All entries below are to be written out again exactly, but no picture is to be copied.
BEGIN DATASET
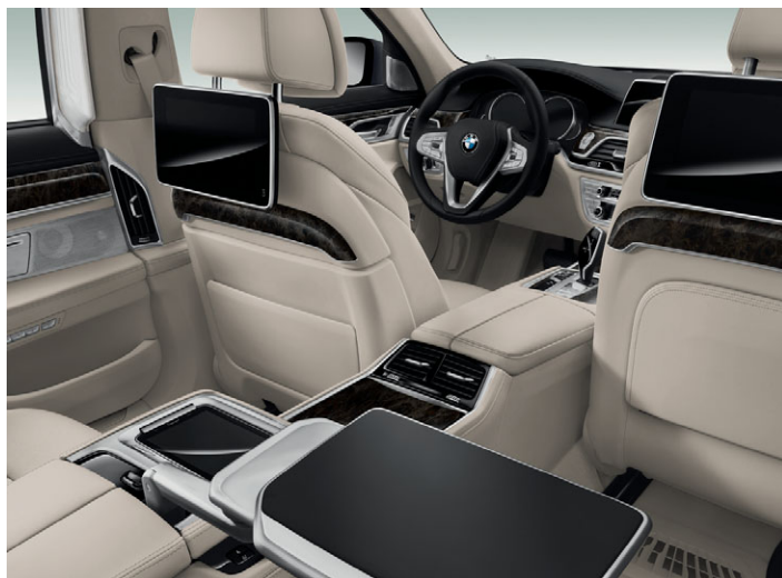
Pachet Executive Lounge
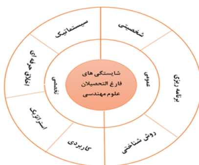
شکل شماره: ۱. مدل مفهومی پژوهش

می‌گردد (۵۳). استفاده از کامپیوتر و اینترنت به‌عنوان ابزار کار، فناوری گردش اطلاعات در سازمان، مهارت فناوری اطلاعات و ارتباطات، توانمندی بهره‌گیری از شبکه‌های اطلاعاتی، آشنایی با فنون نوین رشته، توانایی درک نیازهای بازار، تسلط به زبان خارجی، مهارت فنی رشته (روش‌های نوین ساخت، مدیریت ماشین‌آلات، اندازه‌گیری و برآورد، راه‌اندازی و تجهیز کارگاه) و مهارت‌های عددی و محاسباتی در طبقه شایستگی‌های کاربردی قرار گرفته‌اند. شایستگی‌های کاربردی، مهارت‌ها و صلاحیت‌هایی می‌باشند که موجب افزایش بهره‌وری افراد در کار می‌شوند (۹۷). در طبقه سوم مفاهیم (مهارت) تخصیص منابع، مسئولیت، مدیریت اقتصادی، کارایی، تمرکز بر مشتری، مدیریت منابع، مهارت کنترل فرایند، مدیریت کیفیت، بهره‌وری) قرار گرفته که مربوط به شایستگی‌های اخلاق حرفه‌ای می‌باشند. این شایستگی‌ها کاربرد روش‌های اخلاقی برای رفتارهای مهندسان در انجام کار است. از طرفی به‌عنوان استانداردهای حرفه‌ای در نظر گرفته می‌شود که افراد در جریان کار مهندسی با آن‌ها روبه‌رو می‌شوند (۹۸). و در نهایت در طبقه چهارم مفاهیم مهارت هدایت و راهبری (هدف‌گذاری و سیاست‌گذاری، مدیریت ارزش، تدوین چشم‌انداز سازمان، تشکیل تیم و تخصیص نقش‌ها در پروژه، مدیریت منابع انسانی و انگیزش)، مدیریت تعارض (توانایی حل تعارضات و مشاجرات) و مهارت داشتن چشم‌انداز، تفکر استراتژیک و راهبردی قرار گرفته است که مربوط به شایستگی‌های استراتژیک است.
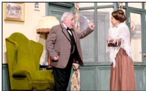
Mikó István és Détár Enikő a színpadon

A darab szereplői között jól ismert művészeket köszönthettünk, a magyar színházi élet meghatározó egyéniségei közül Mikó István, Détár Enikő és Benkő Péter is színpadra állt. Az előadás a Déryné Programmal történő együttműködésünk eredményeként valósult meg, sikeres pályázatunk pedig lehetővé teszi, hogy – a mostanihoz hasonló, rendkívül alacsony jegyárakkal – az év hátralévő részében még több színházi élményben részesüljenek az itt élők. Bepótoljuk a Magyar Nemzeti Táncgyűttes elmaradt, Kárpátok visszhangja című előadását, bemu-
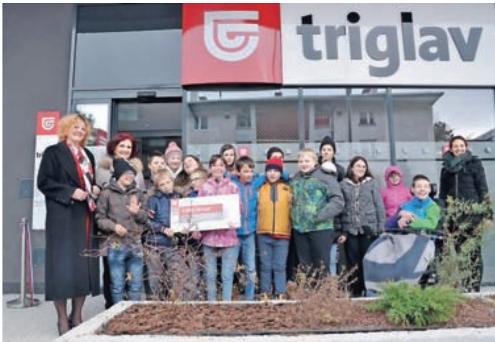
Selitev v nove prostore so v Zavarovalnici Triglav pospremili z donacijo OŠ Antona Janše.
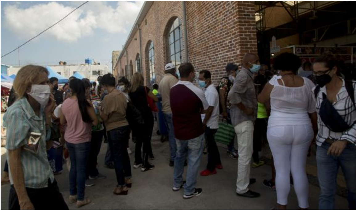
Feria de Linea y 18.

https://www.radiohc.cu/index.php/noticias/economia/287094-ministra-cubana-de-comercio-interior-intercambia-con-jovenes-trabajadores-del-sector-fotos
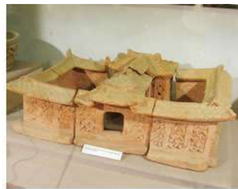
土製の出土品（ベトナム・タイビン省博物館所蔵）
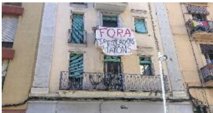
Els afectats viuen al número 33 del carrer Magalhães.

El propietari de l'immoble, un fons d'inversió rus, fa temps
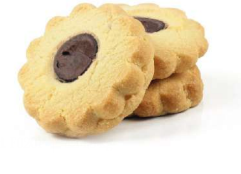
Occhio di Bue alla Nocciola Hazelnut cream filled biscuits
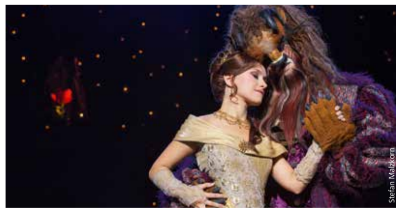
Das Musical „Die Schöne und das Biest“ fasziniert noch immer.

und-das-biest-musical.de. Die Eintrittskarten ermöglichen die kostenfreie Hin- und Rückfahrt mit den öffentlichen Verkehrsmitteln im gesamten VGN-Gebiet. Da das KombiTicket bereits ab vier Stunden vor Veranstaltungsbeginn gilt, ist eine entspannte Anreise garantiert. Zur Frankenhalle kommen Besucher bequem mit der U-Bahn-Linie 1, Haltestelle Messe. ■
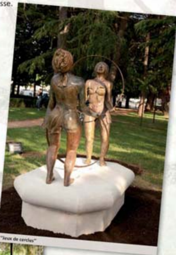
"Jeux de cercles"
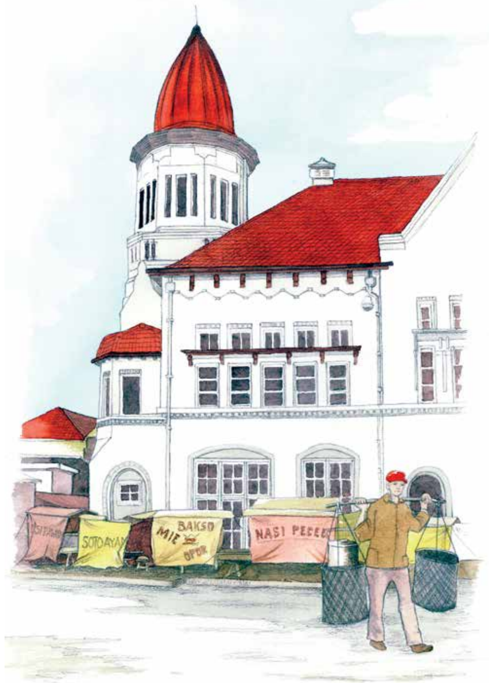
Een hotel in het oude centrum van Surabaya Het Ibis Hotel gaat schuil achter kramen. (Potlood, penseel en gekleurde inkt op papier, 21x29,7 cm. 1998) Cary Venselaar
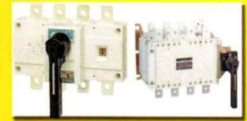
LOAD BREAK SWITCH - CHANGE OVER SWITCH
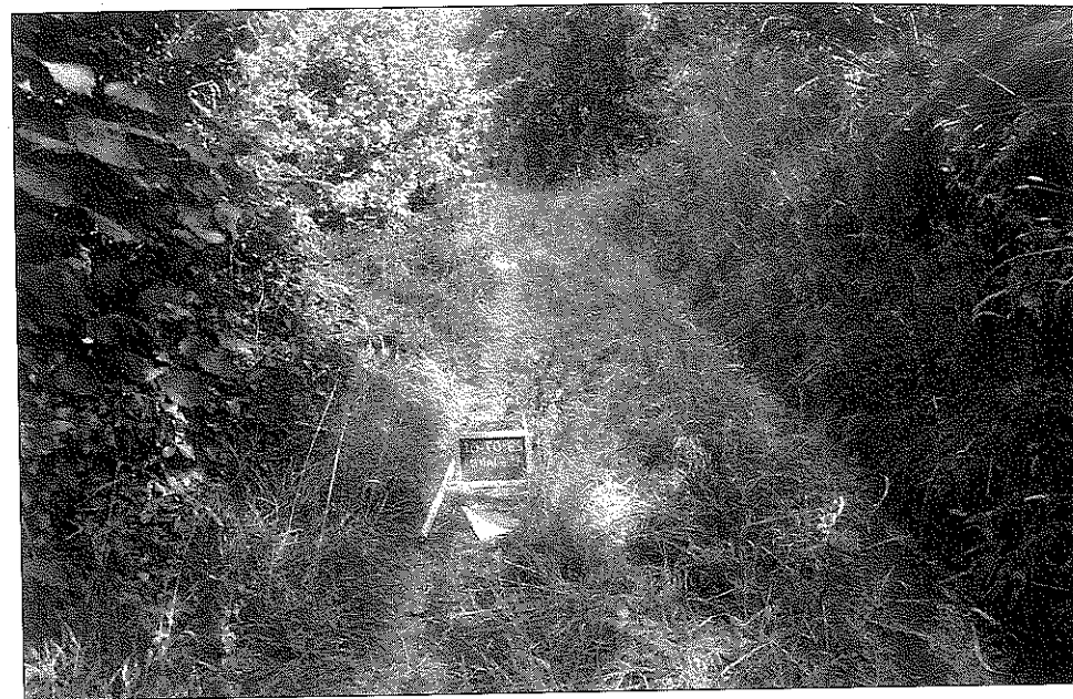
2 - LOC. CASE GIANO. Un percorso di mezzacosta dall'area di Geminiano a Cremeno.
END DATASET
● **ANSWER FOR THE TASK**:
Pachet Executive Lounge
شکل شماره: ۱. مدل مفهومی پژوهش

می‌گردد (۵۳). استفاده از کامپیوتر و اینترنت به‌عنوان ابزار کار، فناوری گردش اطلاعات در سازمان، مهارت فناوری اطلاعات و ارتباطات، توانمندی بهره‌گیری از شبکه‌های اطلاعاتی، آشنایی با فنون نوین رشته، توانایی درک نیازهای بازار، تسلط به زبان خارجی، مهارت فنی رشته (روش‌های نوین ساخت، مدیریت ماشین‌آلات، اندازه‌گیری و برآورد، راه‌اندازی و تجهیز کارگاه) و مهارت‌های عددی و محاسباتی در طبقه شایستگی‌های کاربردی قرار گرفته‌اند. شایستگی‌های کاربردی، مهارت‌ها و صلاحیت‌هایی می‌باشند که موجب افزایش بهره‌وری افراد در کار می‌شوند (۹۷). در طبقه سوم مفاهیم (مهارت) تخصیص منابع، مسئولیت، مدیریت اقتصادی، کارایی، تمرکز بر مشتری، مدیریت منابع، مهارت کنترل فرایند، مدیریت کیفیت، بهره‌وری) قرار گرفته که مربوط به شایستگی‌های اخلاق حرفه‌ای می‌باشند. این شایستگی‌ها کاربرد روش‌های اخلاقی برای رفتارهای مهندسان در انجام کار است. از طرفی به‌عنوان استانداردهای حرفه‌ای در نظر گرفته می‌شود که افراد در جریان کار مهندسی با آن‌ها روبه‌رو می‌شوند (۹۸). و در نهایت در طبقه چهارم مفاهیم مهارت هدایت و راهبری (هدف‌گذاری و سیاست‌گذاری، مدیریت ارزش، تدوین چشم‌انداز سازمان، تشکیل تیم و تخصیص نقش‌ها در پروژه، مدیریت منابع انسانی و انگیزش)، مدیریت تعارض (توانایی حل تعارضات و مشاجرات) و مهارت داشتن چشم‌انداز، تفکر استراتژیک و راهبردی قرار گرفته است که مربوط به شایستگی‌های استراتژیک است.
Mikó István és Détár Enikő a színpadon

A darab szereplői között jól ismert művészeket köszönthettünk, a magyar színházi élet meghatározó egyéniségei közül Mikó István, Détár Enikő és Benkő Péter is színpadra állt. Az előadás a Déryné Programmal történő együttműködésünk eredményeként valósult meg, sikeres pályázatunk pedig lehetővé teszi, hogy – a mostanihoz hasonló, rendkívül alacsony jegyárakkal – az év hátralévő részében még több színházi élményben részesüljenek az itt élők. Bepótoljuk a Magyar Nemzeti Táncgyűttes elmaradt, Kárpátok visszhangja című előadását, bemu-
Selitev v nove prostore so v Zavarovalnici Triglav pospremili z donacijo OŠ Antona Janše.
Feria de Linea y 18.

https://www.radiohc.cu/index.php/noticias/economia/287094-ministra-cubana-de-comercio-interior-intercambia-con-jovenes-trabajadores-del-sector-fotos
土製の出土品（ベトナム・タイビン省博物館所蔵）
Els afectats viuen al número 33 del carrer Magalhães.

El propietari de l'immoble, un fons d'inversió rus, fa temps
Occhio di Bue alla Nocciola Hazelnut cream filled biscuits
Das Musical „Die Schöne und das Biest“ fasziniert noch immer.

und-das-biest-musical.de. Die Eintrittskarten ermöglichen die kostenfreie Hin- und Rückfahrt mit den öffentlichen Verkehrsmitteln im gesamten VGN-Gebiet. Da das KombiTicket bereits ab vier Stunden vor Veranstaltungsbeginn gilt, ist eine entspannte Anreise garantiert. Zur Frankenhalle kommen Besucher bequem mit der U-Bahn-Linie 1, Haltestelle Messe. ■
"Jeux de cercles"
Een hotel in het oude centrum van Surabaya Het Ibis Hotel gaat schuil achter kramen. (Potlood, penseel en gekleurde inkt op papier, 21x29,7 cm. 1998) Cary Venselaar
LOAD BREAK SWITCH - CHANGE OVER SWITCH
2 - LOC. CASE GIANO. Un percorso di mezzacosta dall'area di Geminiano a Cremeno.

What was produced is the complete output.